C O R O N A R Y A R T E R Y D I
S E A S E
(Continuation)
What are the symptoms of Coronary Artery Disease?
"Angina" is a discomfort often experienced by patients with coronary artery disease. Despite the fact that the pain may not be severe, it is still important since it indicates that the heart muscle is not getting enough blood. The discomfort can be very different in different patients. It may involve the chest, arms, neck or back. It generally occurs with exertion, but may occur with rest. Very sharp and short pains lasting one or two seconds are generally not caused by heart problems. Patients who note the new onset of angina or a worsening of their usual pattern of angina (more frequent, more severe, not relieved with nitro as it had been formerly, or occurring with less activity than before), should contact their physician. Severe pains, prolonged pains, or pains associated with marked shortness of breath or heavy sweating should prompt an immediate call to a physician.
Although pains in the chest, neck or arms may be an indicator of underlying heart disease, not all of the pains in these areas are necessarily from the heart. Pains that are caused from heart disease:
- Usually occur when one is exerting.
- Generally last from 1 - 20 minutes (pains lasting less than 5 seconds are generally not from heart disease, nor are pains which last continuously for days at a time)
- Are consistent, occurring in the same area time after time
- Are often not severe
- Are often eased by taking nitroglycerin
The most common pains which patients experience which are not from the heart:
- Are very short in duration (less than 5 seconds) and "sharp" in character
- Occur at different areas around the chest
- Are caused by movements or a deep breath (as opposed to exertion such as walking)
If you have questions regarding pains you are experiencing, it is best to get in contact with medical personnel so that it can be evaluated properly. Don't worry about "crying wolf"!
What can happen with Coronary Artery Disease?
With mild blockages, there is still room for adequate amounts of blood to flow to supply the needs of the heart muscle served by the particular artery. In moderate blockage, there may be lack of enough blood flow under situations of increased demand, such as exercise. In these cases, one may experience discomfort in association with the inadequate blood flow, and this is termed "angina". Permanent muscle damage does not occur with a bout of angina.
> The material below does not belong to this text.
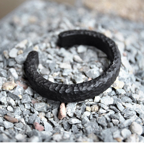 Home Bracelets Hand-Carved African Ebony Cuff Bracelet with Meteorite Crater Texture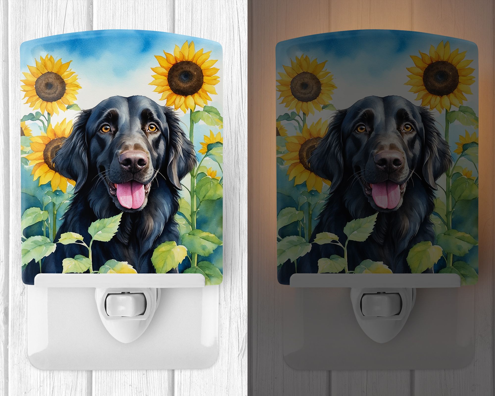 Home > NEW Flat-Coated Retriever in Sunflowers Ceramic Night Light Compact, UL-Certified, Ideal for Bedroom, Bathroom, Nursery, Hallway, Kitchen, 6x4x3

If an artery closes completely and suddenly and there is no flow to the heart muscle, that part of the muscle will die and eventually scar over. This is termed a "myocardial infarction". The common term for this is a "heart attack" when used correctly, although many lay persons use this term much more loosely.
Many people have no symptoms despite having a substantial amount of blockage. They can still be shown to have lack of blood supply with exercise tests, but simply don't perceive it as others do. This is termed "asymptomatic ischemia".
What is a heart attack?
A "heart attack" (or "myocardial infarction") occurs when the heart muscle suddenly loses most of its blood supply over a period of time (usually at least 20 minutes). This occurs most commonly due to the sudden closure of the artery which supplies that part of the muscle with blood. Generally, the vessel closes due to the presence of cholesterol plaque which ruptures or is eroded, leaving the contents open to the blood stream. The blood clots off the cholesterol, but this clot also totally blocks the flow of blood.
What is the prognosis?
The prognosis of coronary artery disease is highly variable, and depends on many factors. Chief among these are how well the heart muscle is functioning and how many vessels are involved with blockages. The long-term prognosis can be greatly influenced by the patient's behavior including smoking, control of blood pressure and cholesterol, follow-up with diet and exercise programs, etc.